When it comes time to talk with a loved one about assisted living, the way you go about it will determine if the conversation goes well. Downsizing from a house full of memories, leaving a familiar neighborhood, fearing the loss of autonomy and control of their lives can make many seniors hesitant to even discuss the subject. Allowing them to voice their concerns rather than being dismissive of them and being a good listener when you bring up the topic will help make it a positive conversation.
Getting the Conversation Started
It’s best to broach the subject of assisted living well before your loved ones need it. Try mentioning it in casual conversation by asking if they have thought about it or are considering it for the future. Ask open-ended questions and really listen to what your loved one has to say about how they see their lives in the next two, five, or ten years.
Don’t be surprised if the first attempt at discussing assisted living is rebuffed and even met with resentment. If that is the case, drop the subject and give it time before you bring it up again. An opportunity may prevent itself to restart the conversation if your mom falls and sprains her wrist or your dad complains about the endless chores involved with maintaining the house.
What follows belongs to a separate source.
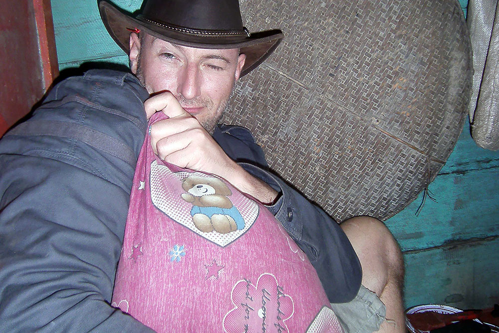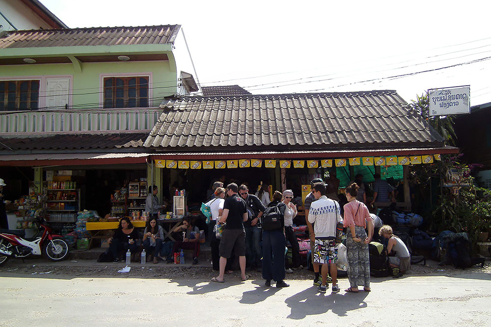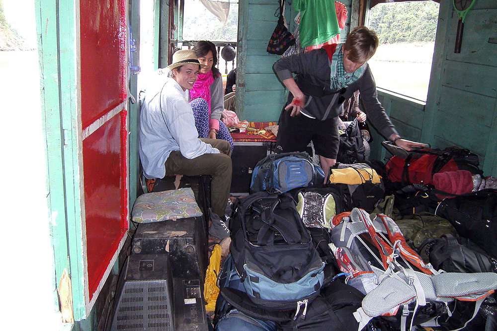 Stunden auf die dreckigen Matratzen. Morgens gibt’s eine Lunchbox mit, sie endet als Fischfutter, ist ungenießbar. Erfahre auch das es heute zu meinem Geburtstag kein Speedboat gibt. Herzlichen Glückwunsch, ihr spinnt wohl? Ich habe doch dafür bezahlt! „No speedboat today“ und höre auf zu nerven! Beate und Stefan sind am lachen, sie werden mich einfach nicht los. OK, dann eben statt 7h zwei Tage lang mit euch auf einem Slowboat. Die Visa-Abfertigung dauert. Wir kaufen uns unterdessen Bärchenkissen für 1,25€ das Stück. Die Holzbänke auf den Booten sollen nach ein paar Stunden zur Qual werden und wir zwei Tage damit unterwegs sein. Die Pässe werden ausgeteilt und viele Nationalitäten gerufen. Schleppen unsere Rucksäcke auf das Boot, nach hinten in den Laderaum. |
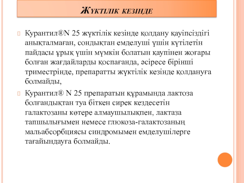 Курантил® N 25 тромбоциттердің агрегациясын тежейтін әсер көрсетеді және

Unless your senior loved one’s situation is urgent, keep in mind the saying, “patience is a virtue” and don’t press them into talking about or making a big life decision like moving into assisted living if it will cause hurt feelings or anger.
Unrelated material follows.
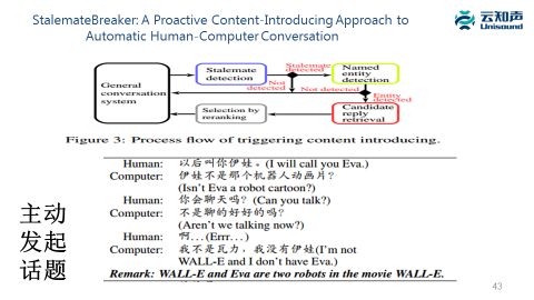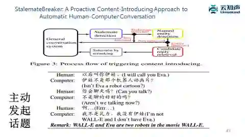 这里一篇百度的文章思想也是类似的,如果觉得聊天聊不下去了,会先在上下文里去做实体分析和实体链接,找到作为聊天主题的实体之后再根据知识图谱找相关的实体,根据相关的实体产生话题。

Have Some Prepared Responses
When your loved one is ready to talk about assisted living have some prepared responses if they express doubts about their finances, losing their independence, or leaving a familiar place.
Offer to go with them to speak with a financial adviser who specializes in helping seniors prepare for the transition to assisted living. Having a professional lay it out for them will be helpful in their decision-making process.
If they are worried about losing their freedom point out how liberating it will be to not have constant home-upkeep to manage or endless lists of chores for cooking and cleaning. Muse with them about how they can use their free time to pursue their hobbies, try new things, and focus on doing the things they enjoy instead. Remind them they deserve to be unburdened by heavy responsibilities and focus on what they really like to do.
If they are worried about leaving a familiar place offer to join them on a tour of Sopris Lodge at Carbondale so they can see what the living accommodations look like, all that our menu has to offer, and the fun activities we have scheduled like live entertainment, scenic outings, educational lectures, and more. This will give them an opportunity to meet and talk to residents already living and thriving here.
Keep It Positive
Always emphasize the positive when it comes to their decision regarding assisted living. Offer support and be a sympathetic listener as they work through their concerns about it. Keep reminding them it’s their turn to focus on having fun pursuing their hobbies and interests with new friends and experience the things they’ve never had time for.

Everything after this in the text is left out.